Second response, correction to the first response.  

There was an error in my previous definition of "nextP" and it looks as
if the answer is 10 variables.

Here is the definition of the pattern of the polynomial as a function of
the number of variables in use:

nextP[n_] := 
 Total[Flatten[
   Table[(x[i] + signj x[j] + signk x[k] + signl x[l])^4, {i, 1, 
     n - 3}, {j, i + 1, n - 2}, {k, j + 1, n - 1}, {l, k + 1, 
     n}, {signj, {-1, 1}}, {signk, {-1, 1}}, {signl, {-1, 1}}]]]

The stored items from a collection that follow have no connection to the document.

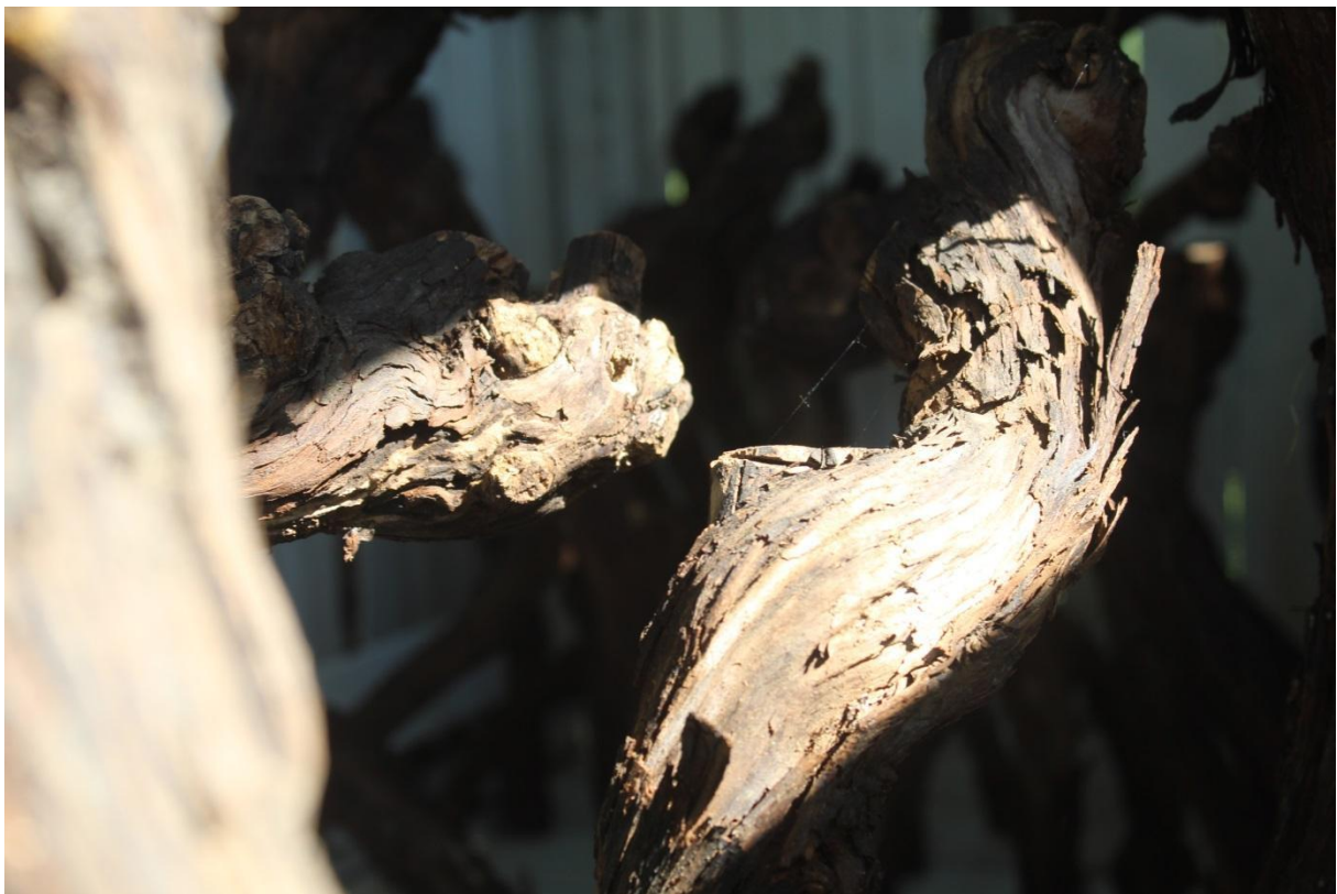
Detail vinné révy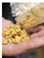
Ny studie ger hopp för jordnöttsallergiker.

Fler än 550 patienter i olika åldrar, som deltog i den aktuella studien, lottades till att antingen få jordnöttsprotein el-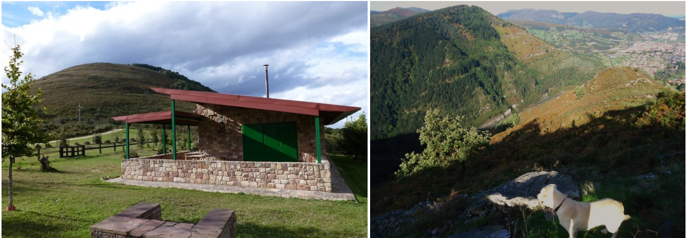
Campo de la Cruz, con el Refugio de Monte Brazo y Cueto Moroso. Vista al N desde Cueto Moroso, con el Monte Gedo y el Valle de Buelna

(877 m) a continuación. En este tramo la tendencia es a subir suavemente, hasta que se mete entre el arbolado, donde comienza un sube y baja hasta alcanzar el afilado pernal N del cueto. En este momento se torcerá a la derecha, para subir por el borde de éste.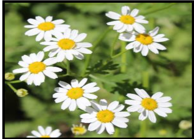
Şekil A. 12: Tanacetum corymbosum (L.) Sch.Bip.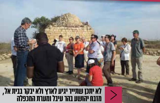
לא יתכן שתייר יגיע לארץ ולא יבקר בבית אל, מזבח יהושע בהר עיבל ומערת המכפלה

ראשית, כל התוכניות שאנו מציעים ללקוחותינו כוללות סיורים מובנים ביהודה ושומרון. לא יתכן שתייר יגיע לארץ ולא יבקר בבית אל, מזבח יהושע בהר עיבל ומערת המכפלה. רוב מוחלט של סוכני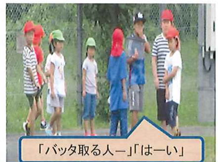
「バッタ取る人ー」「はーい」

暑さが和らぎ始め散歩にも出ています。地域の方に会い、いろいろな話をしたり小学校では一緒に遊んでもらったりして楽しそうでした。みんなとつながっていることを感じてうれしくなりました。秋も楽しみです。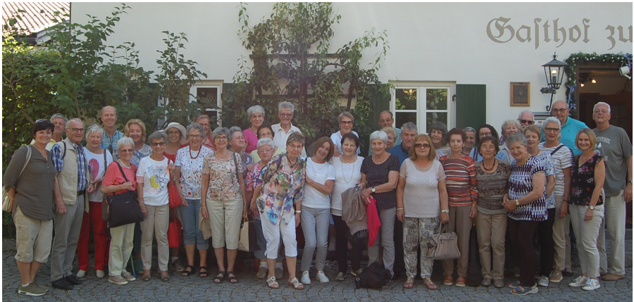
Hoangertstubmausflug zum Staffelsee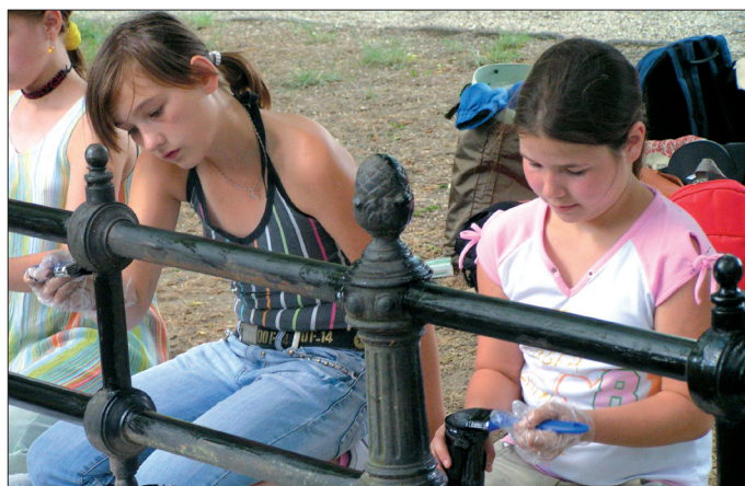
Nem is gondolták a Városvédő- és Szépítő Egyesület hon- és népismereti táborában résztvevő gyerekek, hogy mennyi érdekes és értékes látnivalója van városunknak. A lelkes csapat tagjai a három nap során többek között felkeresték a téglagyárat, feljutottak a református templom tornyába és lefestették a Hősök szobra díszkerítését.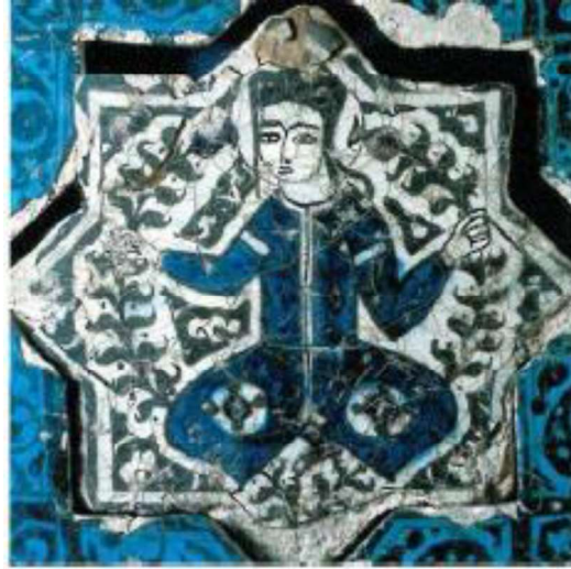
Görsel.9. bağdaş kurmuş figür

Kubadabad Sarayı kazılarında insan figürlerinin yer aldığı parçalar da bulunmuştur. Bunlar oturmuş, bağdaş kurmuş şekilde, ellerinde kadeh tutan insan figürleri, elinde balık olan insan figürü şeklinde ya da iki yanında bitkisel motif bulunan insan figürü şeklinde yer almaktadır. Uygur yüz tipinin hâkim olduğu insan figürlerinde badem gözlü, küçük burunlu, küçük ağızlı ve yuvarlak yüzlü yüz tipi özellikleri görülür. Genellikle sultan ve saray çevresinden kişiler resmedilmiştir.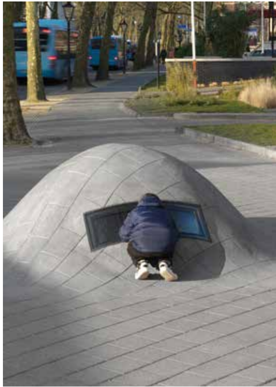
Ram Katzir en Hertog Nadler, Swol, 2014

Je kunt natuurlijk de bordjes 'Centrum' volgen, maar een kunstroute van het station naar het stadshart is spannender, vond de gemeente Zwolle, en deed een oproep. Meer dan honderd kunstenaars reageerden. De winnaars werden kunstenaar Ram Katzir samen met kunstenaarsduo Hertog Nadler. Zij bedachten 'Portal': een route en ook een tijdreis. Een blauwe bronzen lijn leidt bezoekers vanuit het station langs kunstwerken die iets vertellen over de cultuur en geschiedenis van Zwolle. De reis begint in de stations-tunnel waar op een groot videoscherm beelden zijn te zien die in het station zijn opgenomen: er loopt een schaapherder voorbij, er komen ridders van een roltrap, gevolgd door mensen op Hooverboards. "Die bestaan niet", zegt een jong meisje dat met haar vader staat te kijken. Die bestaan nóg niet, inderdaad. De melkkar die voorbijrijdt bestaat juist niet meer. En Herman Brood, geboren Zwollenaar, die even in beeld komt, is al geschiedenis. Ook in de andere kunstwerken lopen heden, verleden en toekomst door elkaar. De makers willen met de film het publiek meer betrekken bij de historie van de stad en tegelijkertijd je bewustzijn van ruimte en tijd prikkelen. Alle werken zijn te zien op de website portalzwolle.nl , maar het is veel leuker om hiervoor de trein naar Zwolle te nemen.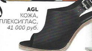
AGL КОЖА, ПЛЕКСИГЛАС, 41 000 руб.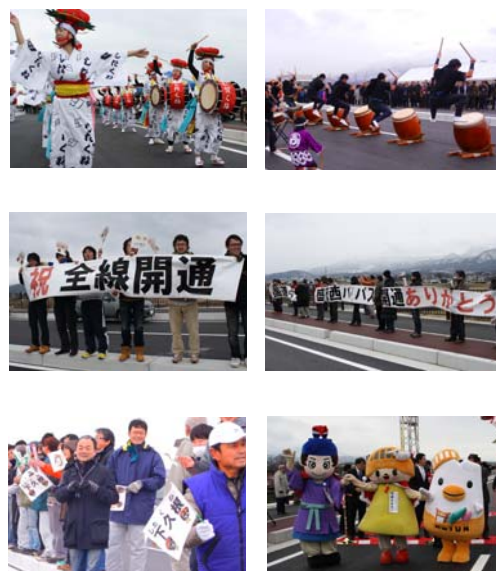
▲お祝いにいらっやった市民の方々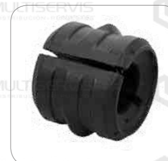
Cod. Int. RE02400033 Goma barra estabilizadora delantero 29mm FH/FM/FMX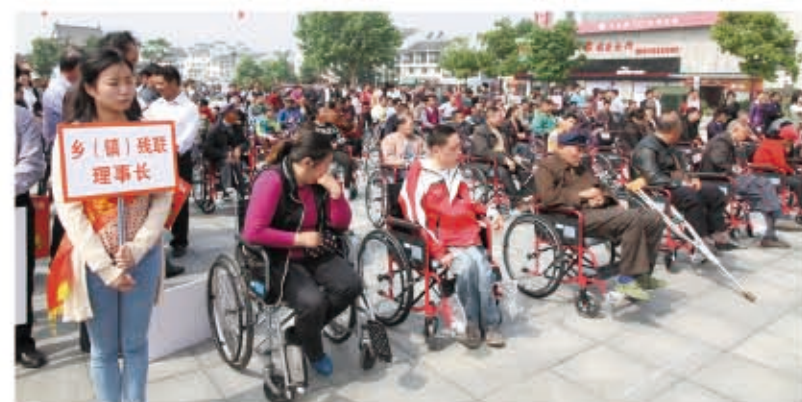
向残疾人免费集中发放轮椅

关心残疾人，是社会文明进步的重要标志。党和政府的关爱，是残疾人事业得以发展的重要保障。而慈善总会的关爱，则让他们感受到了社会大家庭的温暖。8年来，区慈善总会共救助残障患者1000人次。先后为生活困难的肢残人员赠送轮椅130辆，对生活困难的聋哑儿童资助“助听器”210只，配合相关部门实施了“微笑列车”、“心蕊工程”等活动，对全区100名贫困唇腭裂患者实施了免费修复手术。资助60名先天性心脏病儿童实施了手术。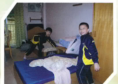
第一次自己鋪床單，看來並不容易呢？

We search for reducible polynomials of this form and find that it is
reducible if there are 10 variables:

In[72]:= IrreduciblePolynomialQ[nextP[#]] & /@ Range[5, 10]

Out[72]= {True, True, True, True, True, False}

And we factor it immediately to the desired form:

In[70]:= Factor[nextP[10]]

Out[70]= 672 (x[1]^2 + x[2]^2 + x[3]^2 + x[4]^2 + x[5]^2 + x[6]^2 + 
   x[7]^2 + x[8]^2 + x[9]^2 + x[10]^2)^2

Noting that your formula also is valid with one variable:

{x[1]^2)^2 == x[1]^4

We have identities of your form for

1, 3, 7, 10 variables

with coefficients

1, 6, 60, 672

Feeling brave we extend the pattern to one more term in each of the sums
and guess that it will factor with 13 variables

anotherP[n_] := 
 Total[Flatten[
   Table[(x[i] + signj x[j] + signk x[k] + signl x[l] + 
      signm x[m])^4, {i, 1, n - 4}, {j, i + 1, n - 3}, {k, j + 1, 
     n - 2}, {l, k + 1, n - 1}, {m, l + 1, 
     n}, {signj, {-1, 1}}, {signk, {-1, 1}}, {signl, {-1, 
      1}}, {signm, {-1, 1}}]]]

And it works::

In[74]:= IrreduciblePolynomialQ[anotherP[13]]

Out[74]= False

So does the desired factorizaton:

In[75]:= Factor[anotherP[13]]

Out[75]= 7920 (x[1]^2 + x[2]^2 + x[3]^2 + x[4]^2 + x[5]^2 + x[6]^2 + 
   x[7]^2 + x[8]^2 + x[9]^2 + x[10]^2 + x[11]^2 + x[12]^2 + x[13]^2)^2

Now our sequence has 

1,2,7,10,13 variables

Coefficients of 1,6,60,672, and 7920

I haven't thought of a clever way to build these polynomials, but my
guess is that your conjecture is true for 16, 19, ... variables.  The
sequence of coefficients is not in the encyclopedia
(http://www.research.att.com/~njas/sequences/index.html?q=1%2C+6%2C+60%2C+672%2C+7290&language=english&go=Search) 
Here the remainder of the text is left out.